_Task goal_. Because only the text is wanted, repeat the records below exactly and omit the pictures.

_Data records_.
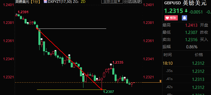英镑兑美元在数据公布后的30分钟内大跌近70点至1.2307。
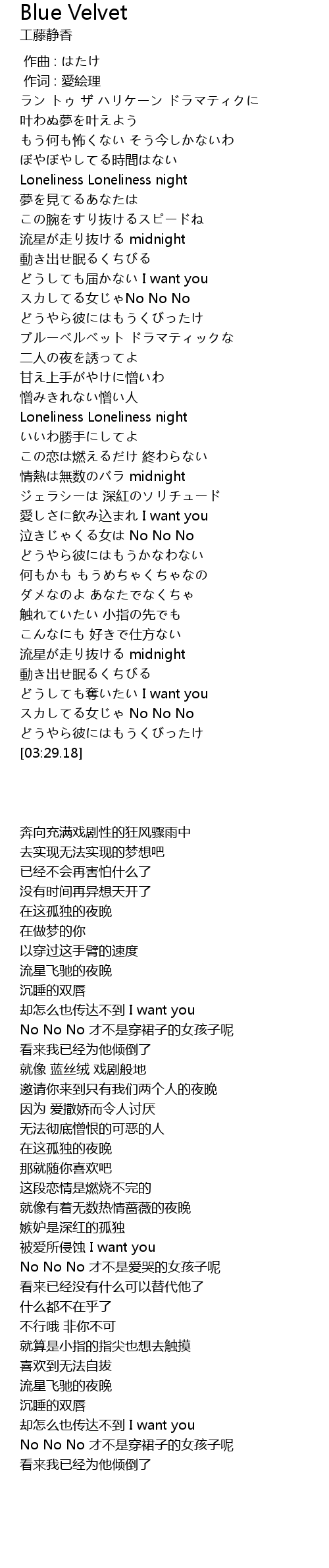 | [01:26.84] | ブルーベルベット ドラマティックな |
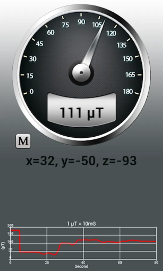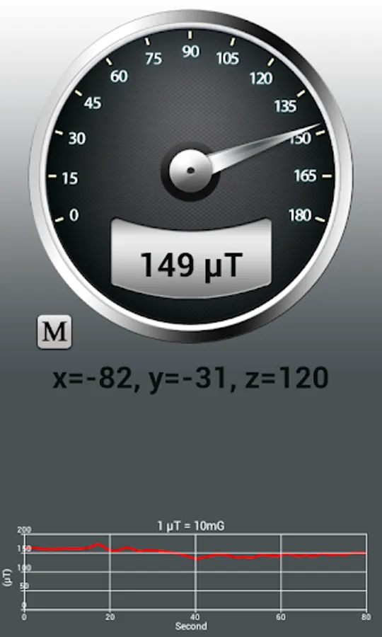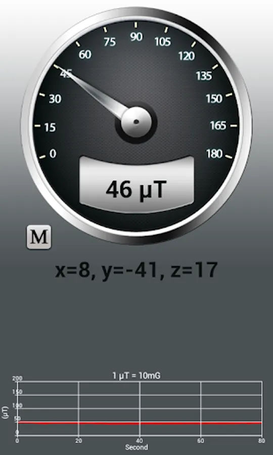 This app measures magnetic field values using the magnetic sensor that is built into the phone. The magnetic field level(EMF) in nature is about 49μT(microtesla) or 490mG(milligauss). 1μT = 10mG.
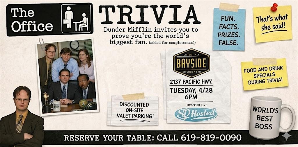 On Tuesday, April 28th at 6 PM, head to Bayside Kitchen & Bar for a night of The Office trivia that’s as chaotic and iconic as Dunder Mifflin itself. This Office-themed trivia night dives into everything from awkward meetings and pranks to Dundies, romances, and legendary one-liners.
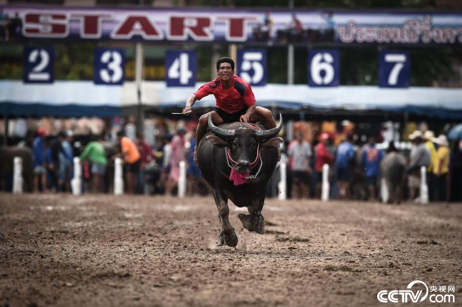 央視網消息:當地時間2019年10月12日,泰國春武里舉行一年一度的水牛賽跑,選手騎牛狂奔。視覺中國

_Response_.
英镑兑美元在数据公布后的30分钟内大跌近70点至1.2307。
 | [01:26.84] | ブルーベルベット ドラマティックな |
 This app measures magnetic field values using the magnetic sensor that is built into the phone. The magnetic field level(EMF) in nature is about 49μT(microtesla) or 490mG(milligauss). 1μT = 10mG.
 On Tuesday, April 28th at 6 PM, head to Bayside Kitchen & Bar for a night of The Office trivia that’s as chaotic and iconic as Dunder Mifflin itself. This Office-themed trivia night dives into everything from awkward meetings and pranks to Dundies, romances, and legendary one-liners.
 央視網消息:當地時間2019年10月12日,泰國春武里舉行一年一度的水牛賽跑,選手騎牛狂奔。視覺中國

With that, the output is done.